Why Open-Source LLMs?
ChatGPT is undoubtedly a powerful tool, but it has limitations, particularly when it comes to data privacy. There are situations where you may not want to expose sensitive data to third-party services. While solutions like data masking with Input Guardrails exist, running local models can provide full control over your data.
In this guide, I'll demonstrate how to run open-source LLMs (Qwen2 2B and LLaMA 3.1) to achieve results comparable to or even better than ChatGPT on an RTX 3060 GPU with 12 GB of VRAM.
Why Qwen2 2B and LLaMA 3.1?
Hardware Limitations
I have limited hardware resources: an RTX 3060 with 12 GB of VRAM. Therefore, I opted for models that could run efficiently on my setup:
- Qwen2-VL-2B-Instruct (Hugging Face link) instead of larger 7B models.

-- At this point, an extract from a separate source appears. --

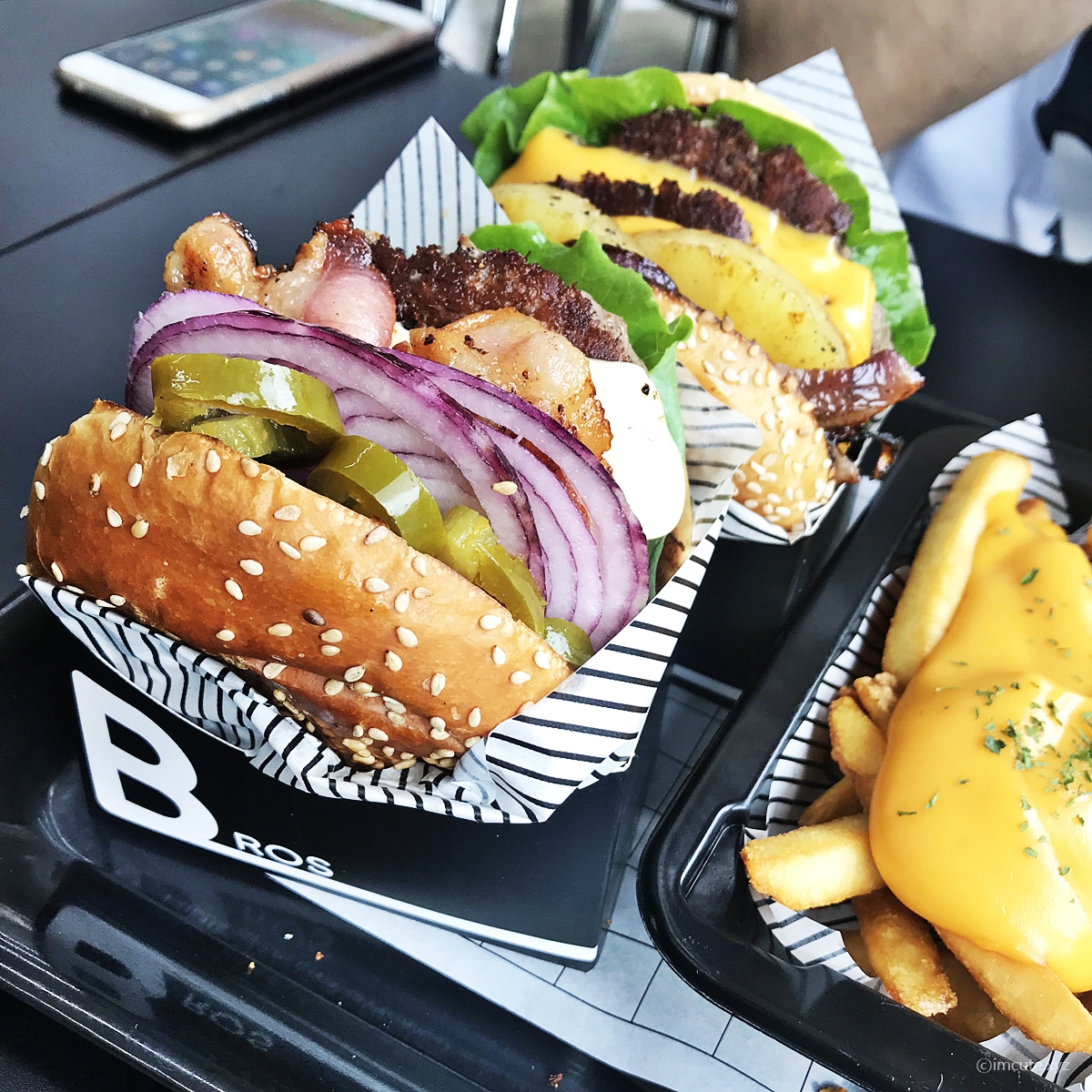 아무래도 브로스버거는 이 근방에서 잘나가는 축에 속하는 맛집 답게, 볼륨감과 비주얼 모든 점을 다 긍정적으로 살린 곳이 아닌가 싶었네요. 흘리지 않게 바닥에 받침대까지 주신 이 센스는..? 그리고 마린룩을 연상시키는 스트라이프 패턴까지 갬성을 다했네요!!

- LLaMA 3.1 (8B) from Ollama, which is optimized for long-context understanding.
Why Not Other Models?
- Qwen2 in Ollama: It doesn't support image inputs, which is crucial for this task.
- LLaVA: Its vision capabilities were insufficient and struggled with multilingual data extraction.
Why This Combination?
-
Qwen2: Excellent for general key information extraction but struggles with:
- Handling long-context data (leading to missing information).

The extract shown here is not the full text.